## Task directions
Set down the data below word for word, and leave the images aside.

## Dataset section
************
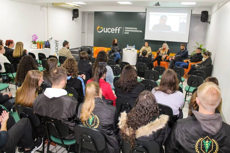 O evento que reuniu acadêmicos dos cursos de saúde teve como convidados o fisioterapeuta Erasmus Grings, a enfermeira Elaine Simonetti Zapanni, a psicóloga Elise Gretzler Trenhago, a nutricionista Ligia Prieto, o cirurgião dentista Renan Flach, a biomédica Taine Schneider e a esteticista Katerine Medino.
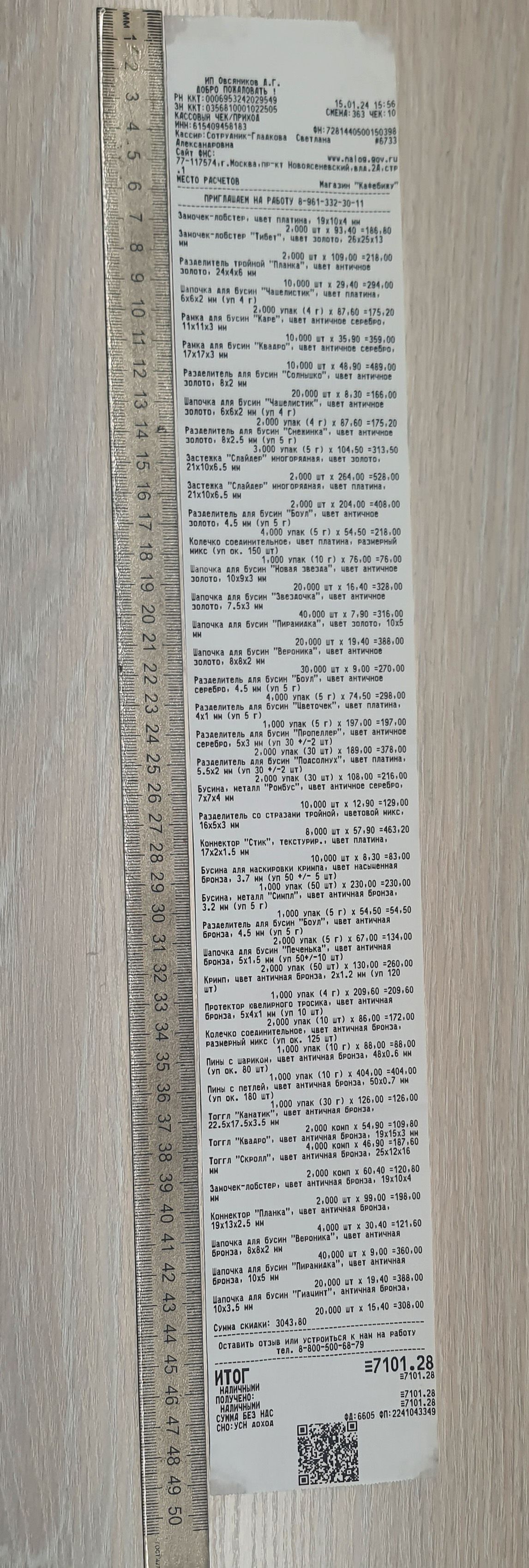 Покупка совершена 15.01.2024 в магазине по адресу Пр-т Новоясеневский влд 2а стр1. Адрес моей страницы VK https://vk.com/lsolntseva2022 Длина чека 49,5 см.
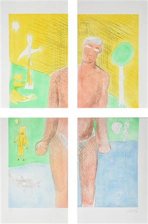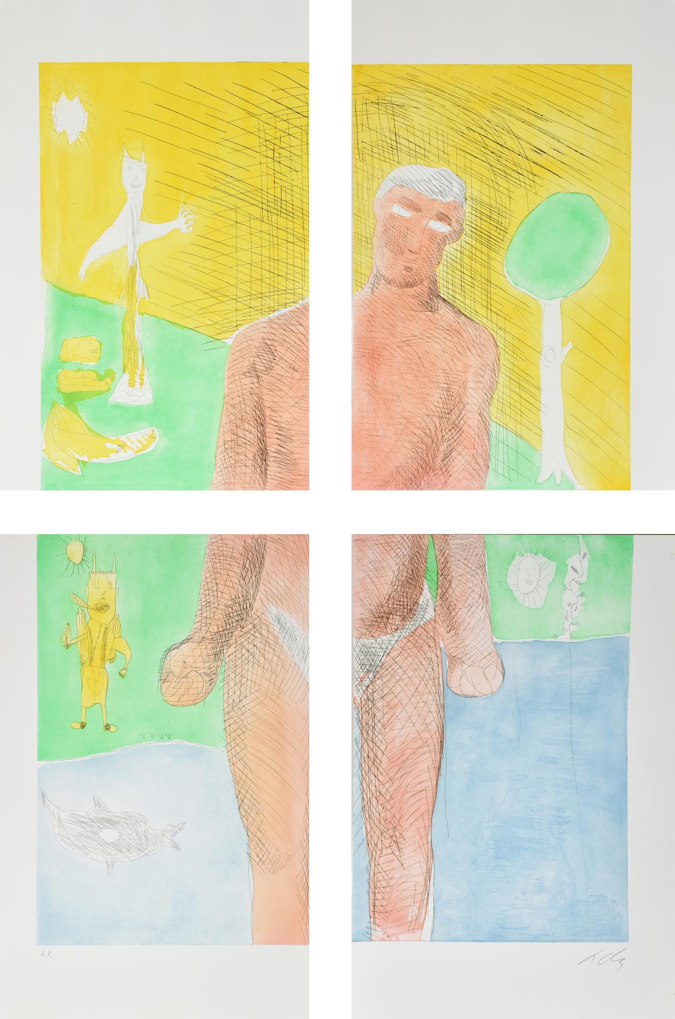 Sandro Chia SENZA TITOLO opera composta da 4 incisioni su carta, battute cm...
************
## Completed task
 O evento que reuniu acadêmicos dos cursos de saúde teve como convidados o fisioterapeuta Erasmus Grings, a enfermeira Elaine Simonetti Zapanni, a psicóloga Elise Gretzler Trenhago, a nutricionista Ligia Prieto, o cirurgião dentista Renan Flach, a biomédica Taine Schneider e a esteticista Katerine Medino.
 Покупка совершена 15.01.2024 в магазине по адресу Пр-т Новоясеневский влд 2а стр1. Адрес моей страницы VK https://vk.com/lsolntseva2022 Длина чека 49,5 см.
 Sandro Chia SENZA TITOLO opera composta da 4 incisioni su carta, battute cm...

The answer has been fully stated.